偶然間,一股邪風将車簾撩開,門外站着的死士們順車簾縫隙,窺看到他們尊貴的主公半跪在那個妖姬女子面前,手上動作輕柔,眼神像是看着什麽稀世珍寶,嘟着嘴哄孩子一樣,給人吹着傷口換藥。
一看主公這樣,死士們一面更加的意難平,一面又知道,這個女子不僅動不得,以後出了危險,也是萬萬舍不得的那一個了。
搞不好以後也要變成他們的主公。
上完了藥,馬匹和衆人都休息的差不多,重新開始趕路。
鐘二的傷口一颠簸就特別的疼,一疼了她就要磨人,餘己讓她磨得額角青筋都鼓起來了,臉上的表情又無奈又甜蜜,偶然間撇到直播屏幕,趕快指着屏幕轉移鐘二注意力。
“你快看你快看,馬上升級成功了——”
鐘二順着餘己的手指看向直播屏幕,上面顯示着升級的進度條78%。
并且進度條還在緩慢的推進,應該很快就要升級成功。
鐘二輕輕籲了口氣,有那麽一點淡淡的失落,她又是期待系統趕緊恢複,又有些不希望系統恢複。

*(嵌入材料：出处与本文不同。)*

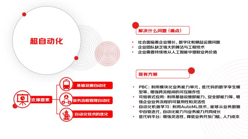 超自动化是一种业务驱动的方法,用于识别、审查和自动化尽可能多的业务流程、IT流程和算法流程等。它需要协调使用多种技术工具和平台,包括机器人流程自动化(RPA)、自动机器学习 (AutoML) 、人工智能工程化 (AI Engineering)、低代码平台等。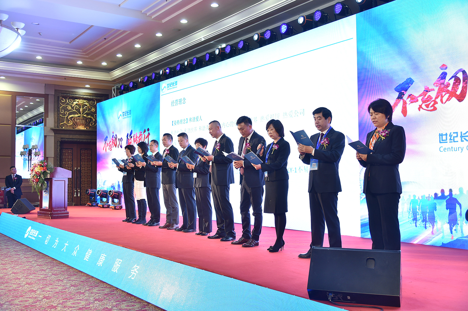 會議在與會家人齊聲誦讀《世紀(jì)長河經(jīng)營哲學(xué)》中開始——

她這兩天甚至想,如果系統就從此失靈,也不用失靈很久,就失靈個百八十年的,讓她和餘己在這一世好好的白頭偕老,那得多美好。
不過鐘二這點惆悵轉眼就散了,自己這體格屬實不行,不過中了一支箭,險些丢了半條命,沒有營養液滋養身體,她不僅要留醜陋的傷疤,就身上這傷口,沒有一個多月肯定好不利索。
按照劇情,餘己将來是要登大位,其中艱難險阻,光是想一想,就讓人頭皮發麻。
她身為餘己唯一的軟肋,必将成為衆矢之的,沒有營養液,沒有系統輔助,她想要活下來,估計只剩餘己将她做成蠱人這一條路。
鐘二總算被轉移了注意力,餘己暗暗松了一口氣,向後靠着車壁,手指搭在鐘二的肩膀上,也跟她一起看着直播屏幕。
94%……97%……100%——升級成功,正在重啓。
重啓成功——歡迎使用,晉江5.0.3版本。
鐘二沒等直播屏幕自動重啓,直接從系統空間撈出一瓶營養液,送到嘴邊就開始咕咚咕咚的喝。
“再拿出來一瓶,我給你敷在傷口上。”餘己邊說着,邊給鐘二拆着傷口的布巾。
鐘二又拿出了一瓶,遞給餘己,将一瓶營養液喝下去,感受着溫熱從胃部一點一點向周身擴散,長長的舒出一口氣。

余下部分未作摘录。